Sunday, March 17, 2013

Carole Lombard, Love Goddess & Comedienne





 

Lombard

Christened Jane Alice Peters, on October 6, 1908 in Fort Wayne, Indiana she was the tomboy sister of two older brothers, and the daughter of Frederick Peters (1875-1935) and Elizabeth Knight (1977-1942). When she was six, the family moved to Los Angeles where she was spotted on the street, 'kicking hell out of the other kids" by director Allan Dwan who put the 12 year old in the movie, Perfect Crime in 1921. A movie distinguished only for being Lombard's first. Thereafter she want back to junior high school.








 When she eventually gained a Fox contract, she served her movie apprenticeship moving from Fox to Sennett to Pathe. Her only major setback during this time was when driving her car she driving crashed into a train and the glass from her windshield cut her face, leaving her with a gashed cheek requiring plastic surgery. Even after the surgery, the scars were visible, and she would require airbrushing in publicity photos and expert Hollywood makeup artists to make them less visible in her films for the rest of her life.



n 1930, Lombard signed a seven year contract with Paramount. Though practically all her great movies were made elsewhere, it was this studio that provided her a steady livelihood through over twenty movies. Her fourth Paramount outing teamed her with William Powell, whom she married in the summer of 1931. This marriage did not last long as she was 22, he 39. They proved highly incompatible from the start, and quickly began leading separate lives. They divorced within two years but remained friends, and sometimes even lovers.

For Lombard, security at Paramount meant fun after hours. The legendary parties began, and Carole enjoyed dressing up and being out to all hours and throw lavish parties. At the height of Carole's parties in the late 1930s a Lombard guest list became a more reliable barometer of who was up and who down than any production cast list. She boosted the reputation and therefore career of her friend William Haines, who was launching his Interior Decorating business. His designs were seen by all the rich celebrities who were attending Lombard's parties, and featured in magazines that showed the popular comedienne at home.
The hostess, with her taste for pranks and hoaxes, inclined to theme parties and many a star cavorted in ill-advised garb at the Lombard residence.
Carole's lovers at this lime included writer Robert Riskin, who had penned her melodramatic vehicle Virtue in 1932, and the band- Singer and former child prodigy, Russ Columbo, who at 26, was accidentally killed by a shotgun.

Meanwhile, the work at Paramount continued throught 1937, but there were successes with other studios, none more so than at Columbia where Howard Hawks cast her opposite John Barrymore in his first screwball comedy, Twentieth Century in 1934.
That comedy was her forte most agreed, though not Paramount, until 1935 when Ernst Lubitsch was appointed production manager and promptly assigned Lombard to the excellent comedy- drama Hands Across the Table in 1935.



Enter Gable


Lombard's flippancy wasn't entirely expunged by Gable.

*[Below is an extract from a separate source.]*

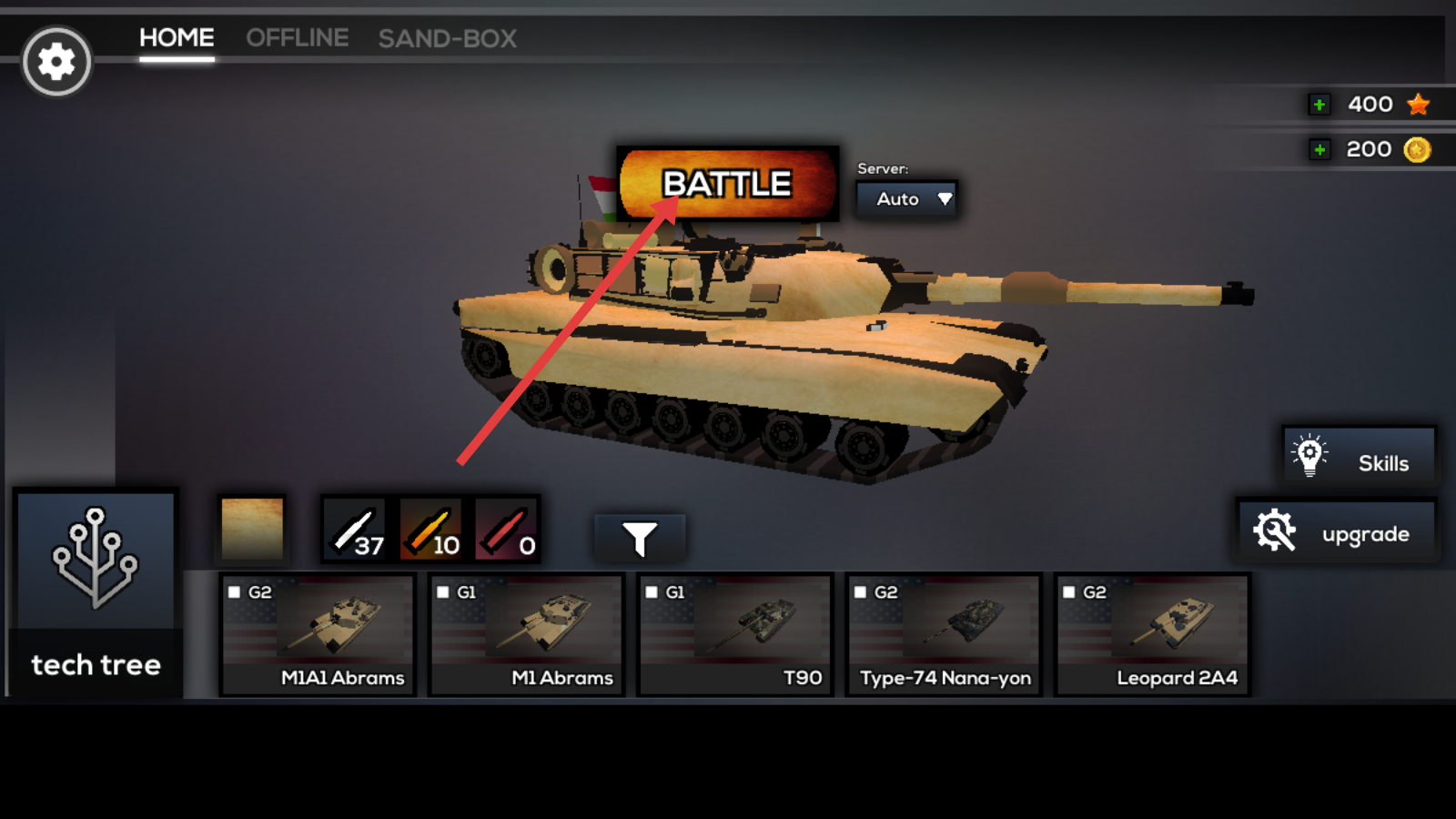 1、进入游戏点击【BATTLE】按钮,选择坦克开启战斗,为作战做好准备。

Even the fact that they both desperately wanted children was treated lightly in public. "He's sure as hell working on it,"she told David Niven but, tough they were "forever trying", Lombard could not conceive.
More significant than any of these films for Carole Lombard herself, however, was the little remembered No Man of Her Own. For the male lead, Paramount traded Big Crosby for Clark Gable. At the time, Lombard paid little heed to her co-star: "I was on my ear about a different number," she said later. But in 1936 when the pair renewed acquaintance, the flame was lit.
Marriage had to wait three years because Mrs. Ria Gable would not divorce "The King". In the meantime, Lombard and Gable became Hollywood's most celebrated duo.


Tragedy

"To the outside world," reported Photoplay magazine "Clark and Carole might as well be married." The love affair changed Lombard continued Photoplay, "Clark doesn't like night spots or parties, social chit chat or the frothy pretensions of society. Carole, quite frankly, used to eat it up. She knew everybody, went everywhere. But look what happened! Carole has practically abandoned all her Hollywood social contacts."








 



In 1942 much of the Hollywood community were buzzing that Gable was having an affair with his co-star in Somewhere I'll find You, with Lana Turner, while Lombard was on a war bond selling tour in the mid-West. Lombard wanted to hurry home to make her presence with her husband. On her return flight January 16, 1942 the plane that both she and her mother were passengers on crashed into a mountain near Las Vegas. her death shocked the world and almost destroyed Gable.
Said President Roosevelt, "She brought great joy to all who knew her and to millions who knew her only as a great artist... She is and always will be a star, one we shall never forget nor cease to be grateful to." To Be or Not to Be is arguably her finest work, released in 1942 just one month after her death.